In Ex parte Stephenson

In In Ex parte Stephenson, 722 S.W.2d 426, 428 (Tex. Crim. App.1987), the district attorney admitted at the habeas hearing that he, as well as the defendant and defense counsel, was mistaken about the applicable parole law. Stephenson, 722 S.W.2d at 427. He stated that what he sought was a "40 year" sentence, but that he had been willing to waive a deadly weapon finding so that the defendant would be eligible for parole without being required to serve 1/3 of the sentence "flat time." In short, "he believed he had found a way to get 40 years and put the applicant in the position 'that he had agreed to on his guilty plea.'" Id.
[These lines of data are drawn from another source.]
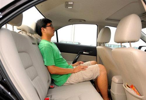 軒逸的后排腿部空間可謂是真正的跨級(jí)水平,身高180cm以下的人都可以輕松翹起二郎腿,在這點(diǎn)上速騰和馬6都望塵莫及,加上軒逸柔軟、舒適、寬大的真皮座椅,坐在軒逸上面真的很容易讓人犯困。不過需要指出的是,軒逸的車身寬度是三車當(dāng)中最窄的,當(dāng)它的后座擠滿三位乘客時(shí),后排空間就略顯局促了。
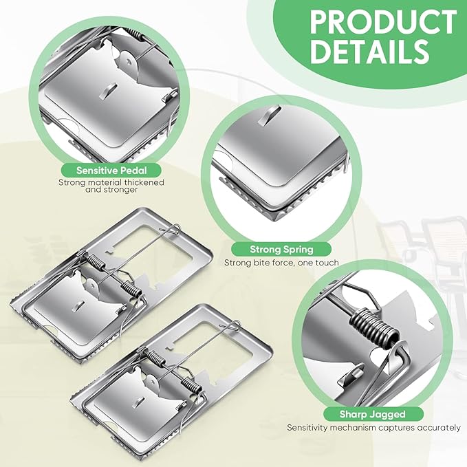 - Long Lasting Material: mice trap is made of galvanized metal material, which is strong, wear resistant, will not easy to break or deformation, reliable and not easy to rust, can be reused for a long time
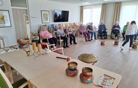 „Entspannt in den Vormittag mit Klangschale“ hieß es am Mittwoch, den 16.04.2025 im SeneCura Pflegezentrum Vassach. Bewohner:innen und Angehörige genossen die Klangschalenreise mit Gabriele Schumi.
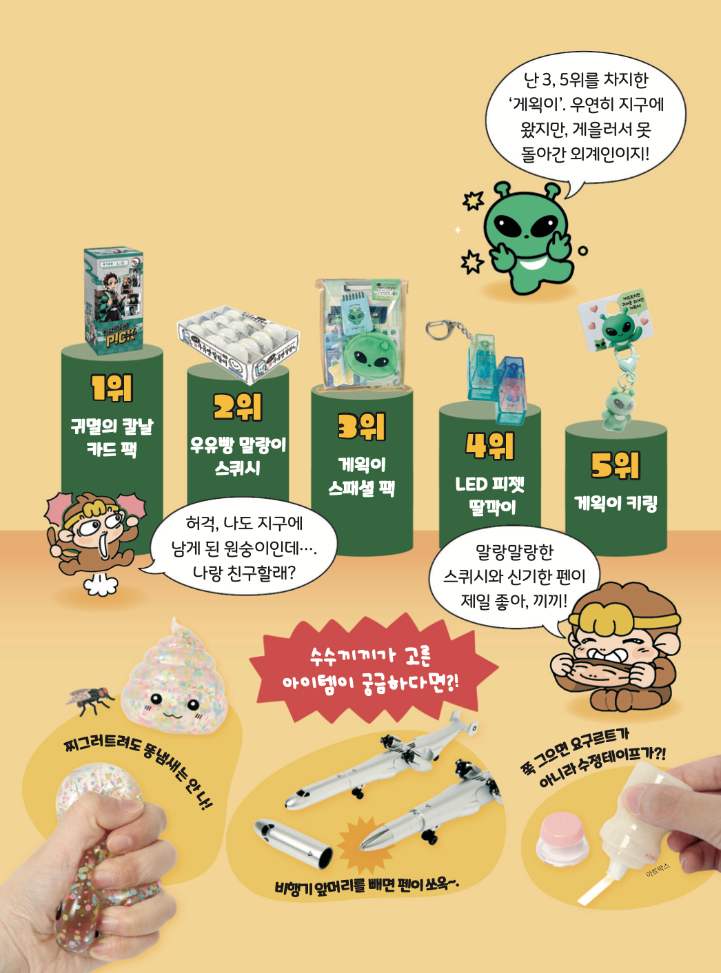 그중 초등학생에게 인기 많은 아이템 탑(TOP) 5는 바로..., 지금 공개합니다! 흑심 품은 녀석도 이 근처에 있을지 모르겠는걸?
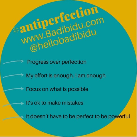 ‘So many of us are slowed down, are held back and put ourselves down seeking a standard of perfection that doesn’t have rules or a clearly-defined end point. We feel like we’ll recognise it when we get there but… honestly.. will we?? It holds a lot of people back from enjoying creating or sometimes from creating anything, and I’d love to be part of breaking down that barrier so kids and adults can enjoy art but these points apply to all parts of anyone’s life. Here are five ways your life will be improved by being slightly easier on yourself, not having no standards at all just not seeking totally unobtainable ones’….. this is so important…. Please visit www.BadiBidu.com
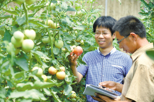 看著長勢(shì)良好的西紅柿,李鋒(左)的臉上掛滿笑容。
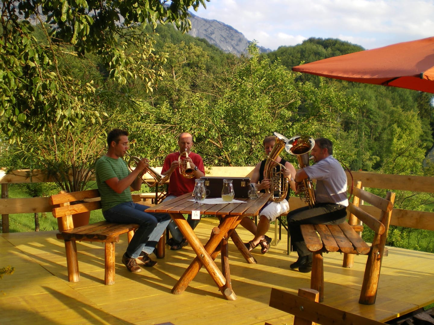 Abends lassen Sie sich bei einer Brettljause mit hausgemachtem Bauernbrot und einem Mosthugo auf unserer Hofterrasse verwöhnen. Oder Sie braten sich Ihren selbstgefangenen Fisch. Wandern Sie mit uns zur nahen Halt, wo wir am Lagerfeuer den romantischem Sonnenuntergang bewundern.
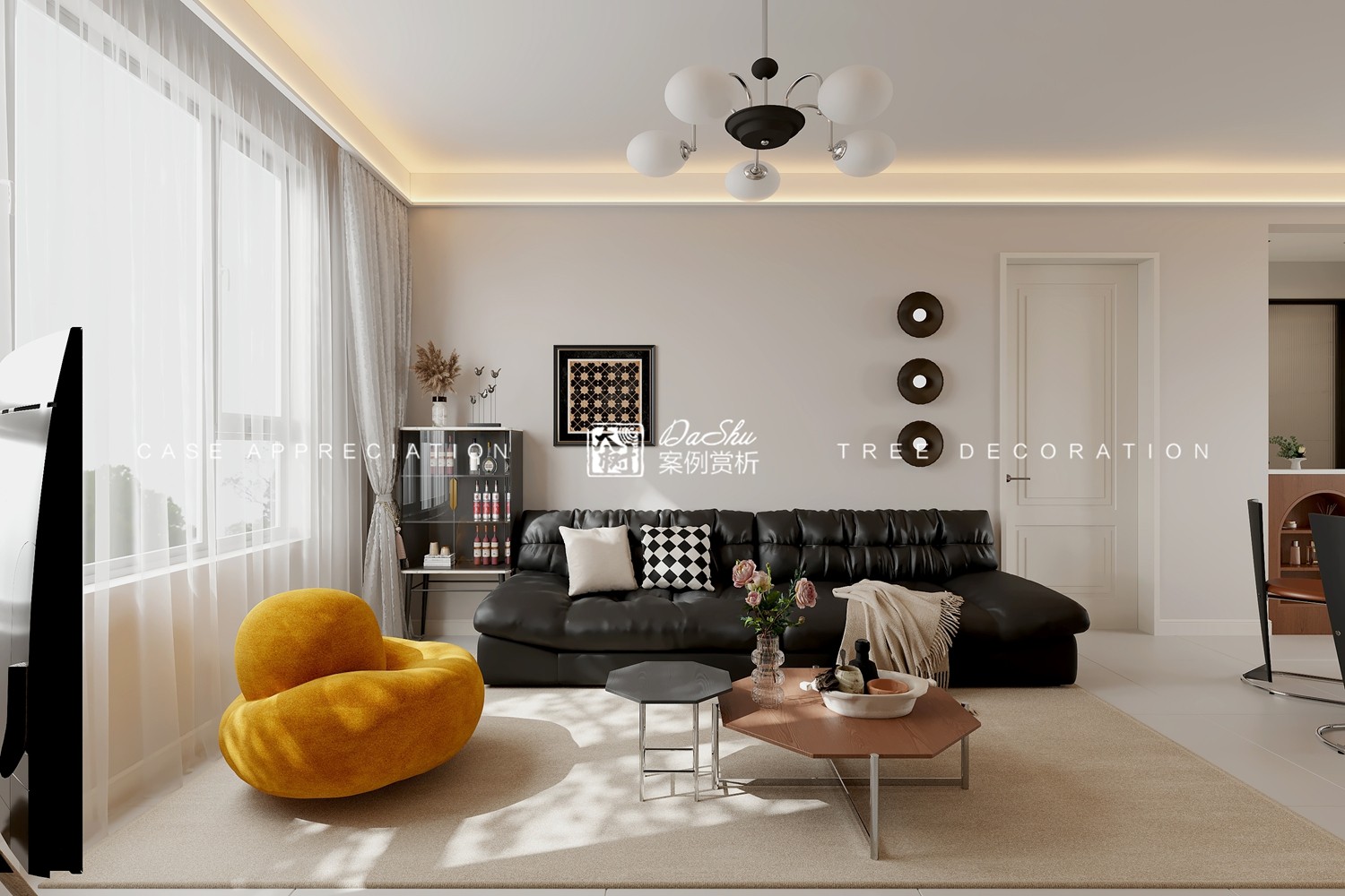 洋海宸月府80㎡现代奶油风效果图
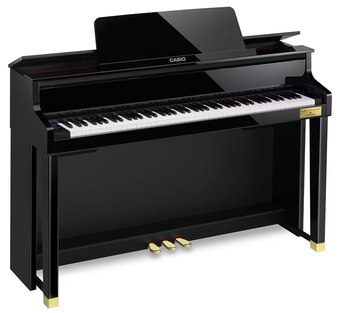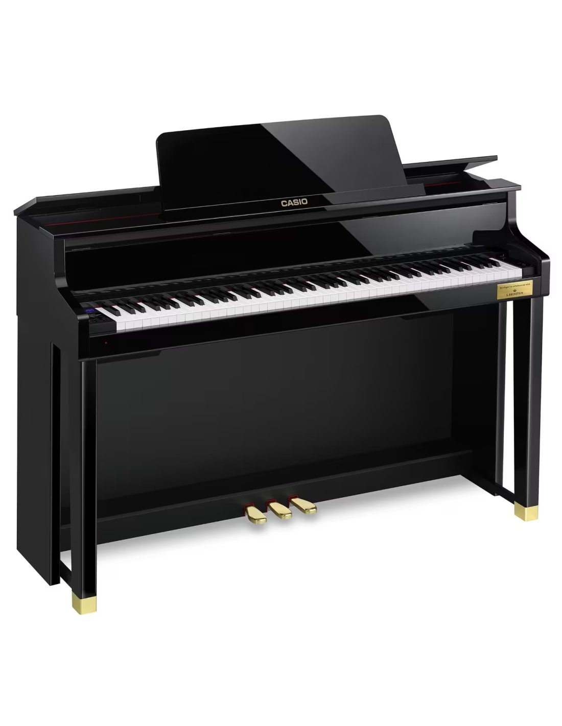 CASIO GP 510 BK è pianoforte digitale a struttura "verticale", modello di punta della serie CELVIANO Grand Hybrid sviluppato in collaborazione con C. Bechstein, con 88 tasti pesati e suoni e risonanze di un pianoforte acustico, grazie alla tecnologia avanzata CASIO. Le caratteristiche tecniche includono, 88 tasti pesati in abete rosso Natural Grand Hammer Action Keyboard con Tri-Sensor, per replicare la risposta e il feel di un pianoforte acustico, sistema di amplificazione a 6 altoparlanti Grand Acoustic System per una riproduzione sonora tridimensionale, funzione "scene" che consente di salvare e richiamare impostazioni importanti come la selezione del suono, split/layer, effetti concert hall e altro, 3 suoni di pianoforti "AiR Grand Sound Source" selezionabili: Berlin, Hamburg e Vienna Grand, risposta al tocco a 5 livelli di sensibilità, polifonia di 256 voci, 35 timbri di suono, 60 brani integrati, funzione lezione, registratore MIDI a 2 tracce e Audio per circa 99 brani, pedale Grand Pedal System, risposta del martelletto a 10 livelli, simulatore rilascio del tasto risonanza delle corde a 10 livelli, risonanza damper a 10 livelli, risonanza delle corde aperte a 10 livelli, risonanza aliquot a 10 livelli, rumore damper a 10 livelli, rumore azionamento pedale a 10 livelli, rumore attivazione tasto a 10 livelli, rumore rilascio tasto a 10 livelli, simulatore coperchio a 4 tipi. Presenta connessioni Line In su jack 6,3mm L (mono)/R, Line Out su jack 6,3mm L (mono)/R, 2 porte USB A/B, implementazione MIDI e 2 uscite cuffie su jack stereo standard.
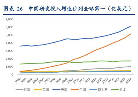 2021 年研究與試驗發(fā)展(R&D)經(jīng)費支出27,864 億元,比上年增長14.2%,與國內(nèi)生產(chǎn)總值之比為2.44%。目前中國R&D 經(jīng)費總額位列全球第二,僅次于美國。
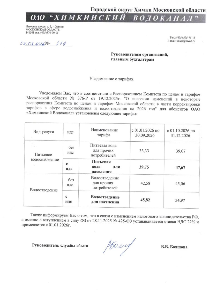 "Химкинский Водоканал" ввел новые тарифы на услуги водоснабжения и водоотведения, распоряжение Комитета по ценам и тарифам Московской области № 376-Р от 19 декабря 2025 года было разослано по управляющим компаниям, которые опубликовали в своих ресурсах. Несмотря на то, что Брёхово обслуживает не эта компания, а "Луневосбытсервис", повышение будет и у нас, так как комитетский приказ — общий.
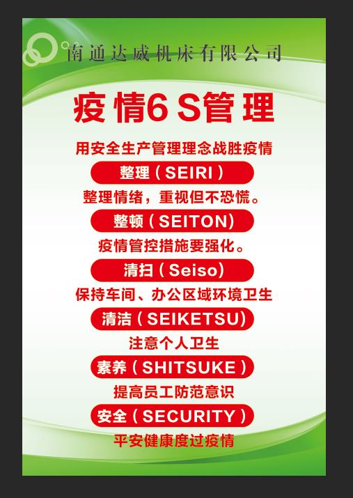 2月10日清晨7點(diǎn)剛過,達(dá)威老員工老吳早早地趕到了公司。“公司上班時(shí)間是7點(diǎn)半。這不復(fù)工第一天嘛!早一點(diǎn)來搞搞衛(wèi)生、做好消毒防疫工作,迎接大家復(fù)工!”老吳是南通達(dá)威機(jī)床有限公司的辦公室主任,辦公地點(diǎn)位于江蘇省南通市海安市李堡鎮(zhèn)工業(yè)園。
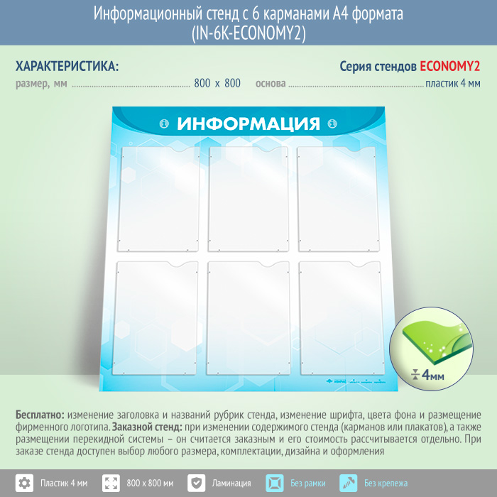 Информационный стенд с 6 карманами А4 формата (IN-6K-ECONOMY2) в Альметьевске купить
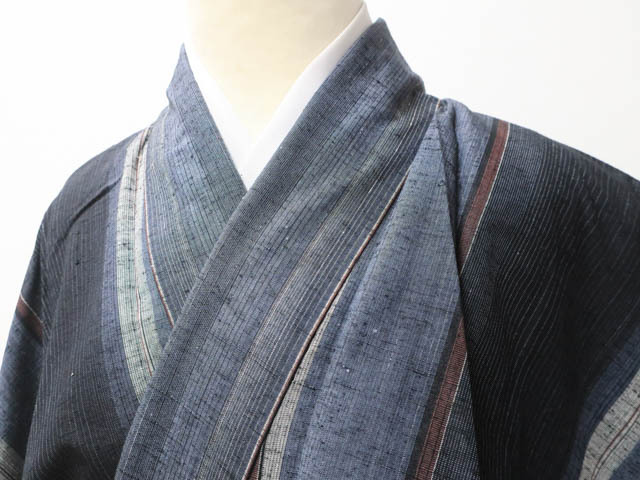 - 《京都一輝堂》【着物】紬 縞文 身丈約155.5cm 裄丈約64cm 25z01-116
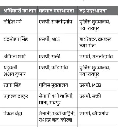 आदेश के अनुसार वरिष्ठ पुलिस अधीक्षक मोहित गर्ग को राजनांदगांव से DIG पुलिस मुख्यालय (मुख्यालय अटैच) किया गया है। वहीं मनेंद्रगढ़-चिरमिरी-भरतपुर के एसपी IPS चंद्रमोहन सिंह को दमकल-नगर सेना का डायरेक्टर बनाया गया है।
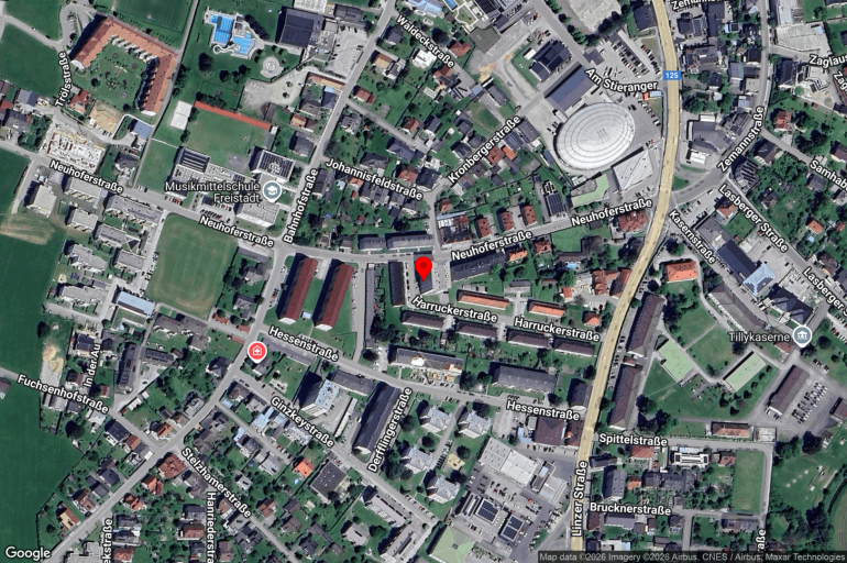 Die gegenständliche Wohnung befindet sich im 1. Obergeschoß des Wohnhauses Harruckerstraße 14 in Freistadt, welches ca. 1969 errichtet wurde. Die Lage zeichnet sich durch ihre zentrumsnahe und zugleich gut erschlossene Umgebung aus. In unmittelbarer Nähe – nur etwa 1 bis 2 Gehminuten entfernt – befinden sich zahlreiche Einrichtungen des täglichen Bedarfs, darunter die Messehalle Freistadt, eine Bushaltestelle, ein Bäcker, ein Sparmarkt, die Musikmittelschule sowie das Frei- und Hallenbad. Der historische Freistädter Stadtplatz ist in rund 17 Gehminuten bequem erreichbar und unterstreicht die attraktive Wohnlage mit urbanem Flair.
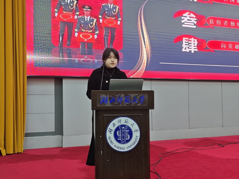 宣讲团成员易研彧以《致敬功勋模范》为题进行宣讲。她介绍到,共和国勋章是中华人民共和国最高荣誉勋章,授予在中国特色社会主义建设和保卫国家中作出巨大贡献、建立卓越功勋的杰出人士,对王永志、王振义、李振声、黄宗德四位“共和国勋章”获得者的生平事迹展开介绍。他们的事迹感人至深,他们展现出卓越的创新精神、彰显出非凡的仁爱之心、体现出踏实勤奋的作风和凸显出果敢坚毅的品质。通过学习模范精神,我们可以更好地领悟道德格局、精神意志和爱国情怀,将个人梦融入强国梦,为实现中华民族伟大复兴的中国梦贡献自己的力量。

Thus, in Stephenson, the mutual misunderstanding about parole law and its essential part of the plea agreement was implicit when the defendant actually made the plea, but became explicit when the prosecutor testified to its terms at the habeas hearing. Stephenson stands for the proposition that, when the record clearly shows that a mistaken understanding of parole eligibility formed an essential element of the plea agreement, and that misunderstanding makes the agreement impossible to fulfill, the plea is involuntary. Parole eligibility must be an essential element of the plea agreement, though it need not be formally incorporated into the record at the time the plea is consummated.